Looking back 20 years later on Wilson’s now-hallowed “Ground” from the perspectives on race and theatre that we have attained in 2016 enables us to appreciate its prescience, as well as to recognize the yet unfulfilled vision expressed in Wilson’s fiery jeremiad. There remain too many spaces in African-American life and arts where the ground is still “hard and rocky,” as Wilson’s character Rose points out in Fences. Wilson’s “Ground” foregrounds these racial inequities. At the same time, with urgency and purpose, Wilson’s TCG talk conjoins the lessons he learned from Western theatrical forebears such as Aeschylus and Shakespeare with those of African-American revolutionaries such as Nat Turner and Marcus Garvey. Thus, even as “Ground” points to black difference and the uniqueness of black experience, it also identifies a space for cross-racial communion in the shared heritage of theatrical practice. Given our current national climate of dissent—present in everything from 2016 presidential debates to the mood on college campuses—such community and communion across difference have seemed most difficult to achieve. Reexamining Wilson’s “Ground,” in this final year of the tenure of America’s first black president, Barack Obama, reminds us, paradoxically, how far we have come but also just how far we still need to travel theatrically and racially in a country that is clearly not “post-racial.”

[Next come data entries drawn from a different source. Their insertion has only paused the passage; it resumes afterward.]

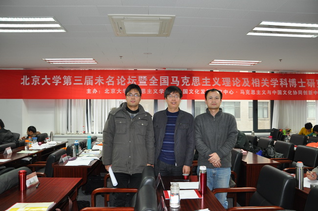 2013114日至 118日,由北京大学bw必威西汉姆联官网、中国文化发展研究中心、马克思主义与中国文化协同创新中心举办的第三届未名论坛暨全国马克思主义理论及其相关学科博士研究生高级研讨班在北京大学举行。论坛以引领中国思想文化发展为己任,推动博士生正确认识中国社会发展,发现问题、展开讨论,寻找因应之道。力求打造全国马克思主义理论及相关学科优秀博士生的高端学术交流平台,达到更加开放的学术视野,更加专业的学术研讨的目的。论坛主题是“中国特色社会主义与中国文化”。教育部高等学校社会发展研究中心主任,北京大学中国文化发展研究中心理事长、北京大学bw必威西汉姆联官网博士生导师杨河教授主持开幕式,北京大学中国文化发展研究中心主任、北京大学马克思主义公司党委书记、博士生导师孙熙国教授致辞,北京大学bw必威西汉姆联官网经理、博士生导师郭建宁发表讲话,北京大学中国文化发展研究中心理事长于品海、北京大学中国文化发展研究中心副主任李翔海教授参加开幕式。bw必威西汉姆联官网10级思想政治教育专业博士生赵跃先同学、叶方兴同学和10级马克思主义原理专业博士生韦汉吉同学参会,成为未名论坛举办以来入选人数最多的一次。韦汉吉同学代表本小组作了“视域融合视阈下的马克思主义中国化与儒学复兴”的主题发言,回答了同学们的提问,并与老师和同学就发言主题进行了热烈讨论。
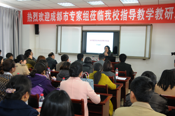 接下来,成都市铁路中学英语教师邓琰首先作了题为《没有规矩,不成方圆》的报告,她从班主任工作、教学工作、和工作细节的落实三个方面给我们作了详细讲授。罗晓晖老师作了题为《如何提高高中阅读效益》的专题讲座。罗老师从阅读的教学效益,虚心阅读原文,阅读具体实施,提升语文教学质量等几个方面为甘孜州老师们指明了阅读教学的中注意的问题以及解决措施。
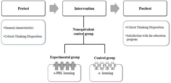 A nonequivalent control group pretest–post-test design was used (Figure 2). We compared the effects among South Korean NH staff who had taken part in the e-PBL-based educational program and those who were not exposed to the program. The control group was exposed to e-learning without PBL strategy to prevent any possible threats to the internal validity of the experiment and to identify the PBL-specific outcome effects.
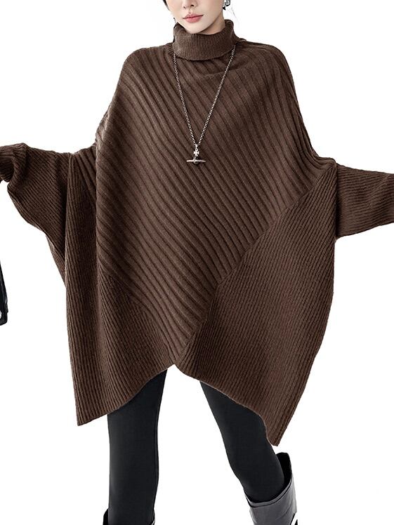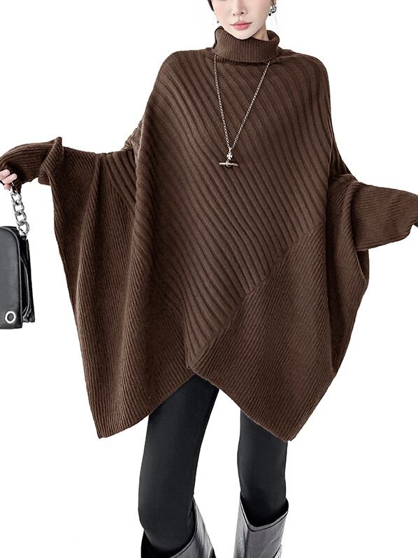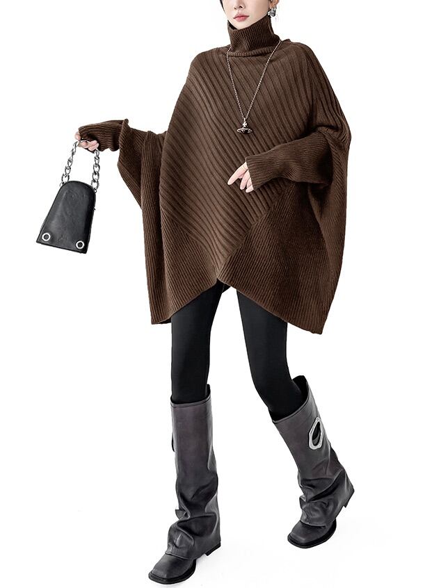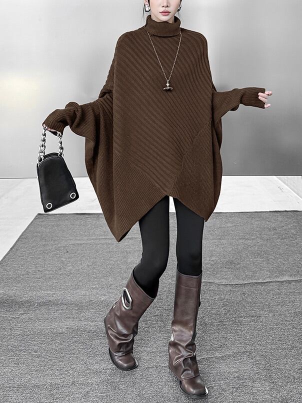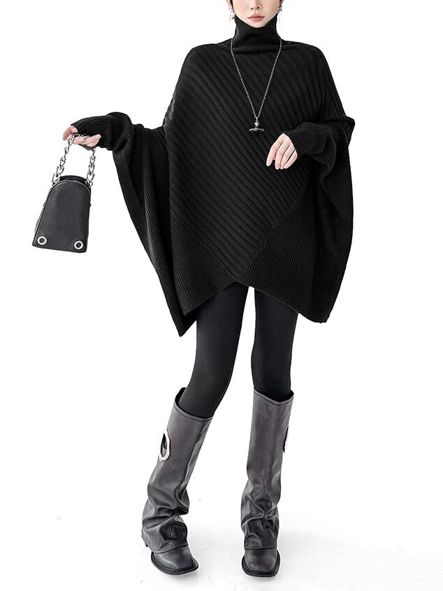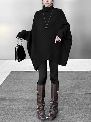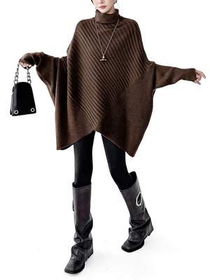 Irregular high neck batwing sleeve knit 2color [T2626]
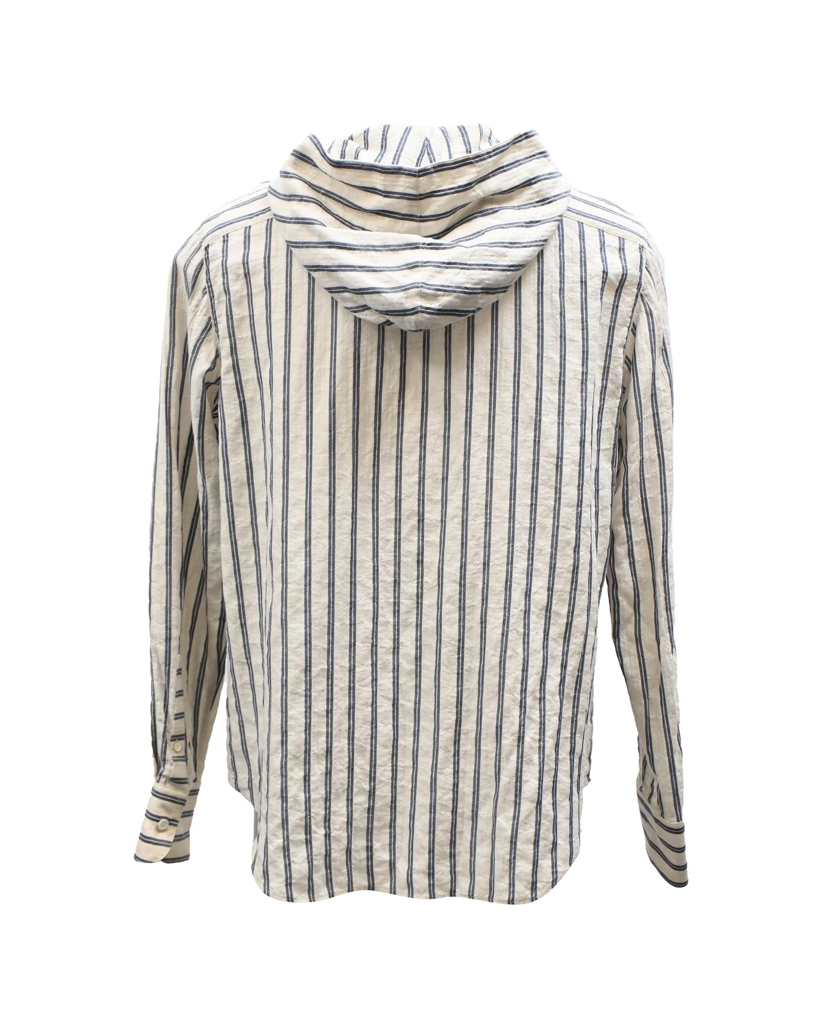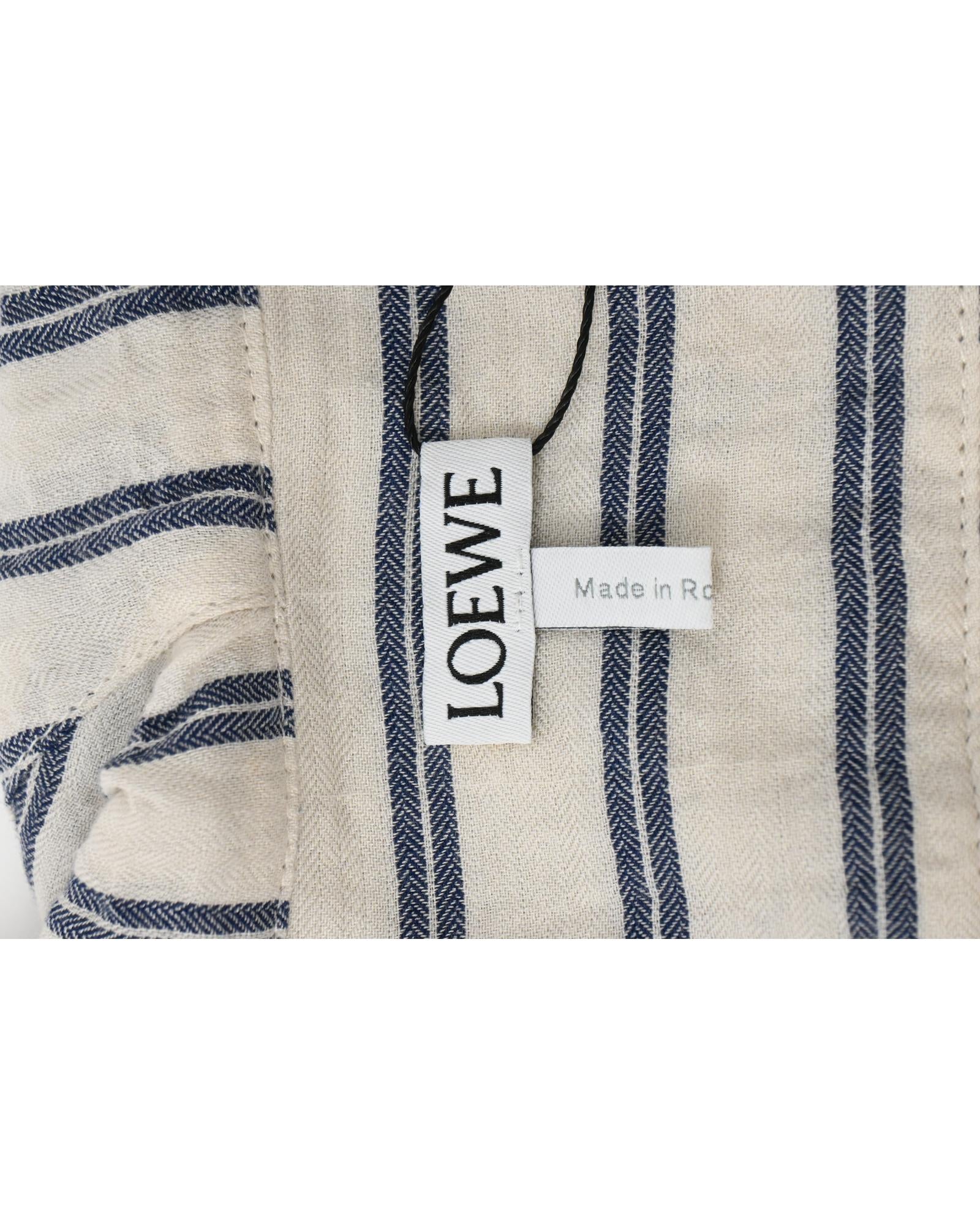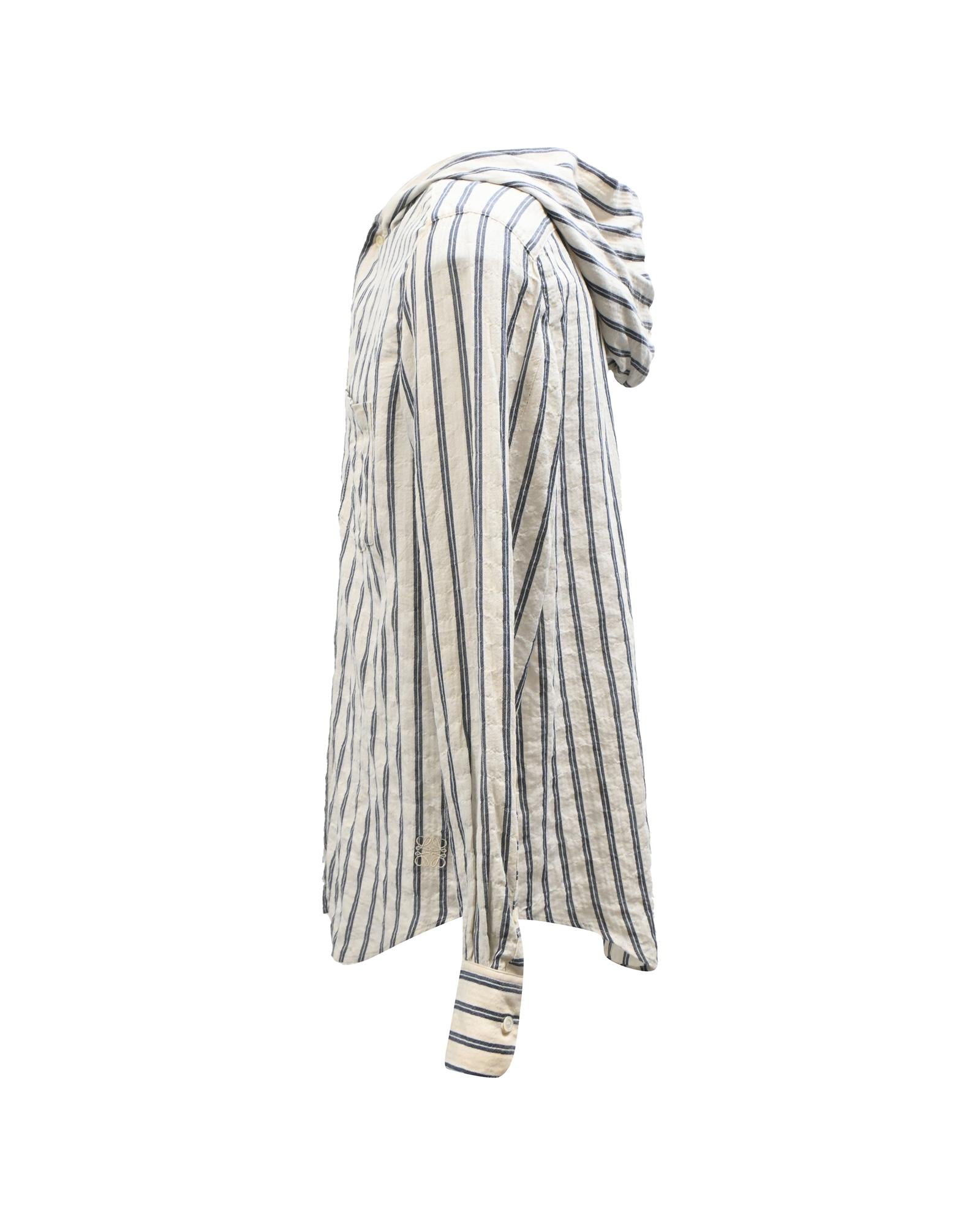 • Loewe Anagram Striped Hooded Shirt in White and Blue Cotton

As cases in point, the heated demands and urgent cries of unrest recently emerging on college campuses, ranging from the University of Missouri to Yale, have direct parallels to Wilson’s 1996 TCG address. With a certain bold irreverence, black students have called to account the institutions to which they belong. To date there have been protests and demonstrations at more than 60 universities in the United States and abroad. Some detractors have accused the student protesters of being too coddled and overly sensitive. Others have pointed to the contradictions inherent in students at an elite institution protesting that very elitism (how could, for instance, a black Rhodes scholar at Oxford call for the removal of the statue of Cecil Rhodes, the creator of that very scholarship?).
Wilson’s “Ground” received a similar backlash and critique. Notably, in his address Wilson—the most performed American playwright in the decade of the 1990s—assailed the very regional theatre structures that facilitated his climb to that pinnacle. Some deemed him ungrateful. Prominent critics such as Robert Brustein, in “Subsidized Separatism” (AT, October 1996), Stanley Crouch in “Who’s Zooming Who” (1997), and Henry Louis Gates Jr. in “The Chitlin’ Circuit” (1997), immediately attacked Wilson for what they deemed as his divisive and naïve black activism. Others inside and outside of the theatre praised Wilson for his courage and insight in speaking “truth to power.”
Significantly, in his TCG address originally delivered before a predominantly white audience, including several regional theatre managers who had produced his plays, Wilson suggested that it was his particular vantage point that facilitated his penetrating insight. The ground on which he stood, as an insider who because of race and circumstance was also an outsider, enabled him to speak out against what he termed “cultural imperialism” and systemic racial discrimination. It is precisely this same position of paradox—being at once within and outside the institution, feeling part of the school yet also alienated because of the university’s racist past and microaggressions in the present—that has empowered black students to speak out against problematic traditions and the perpetuation of racist systems. Accordingly, both Wilson in “Ground” and protesters on campus argue that it is not enough for institutions opening the doors to include black voices; the institutions themselves need to change.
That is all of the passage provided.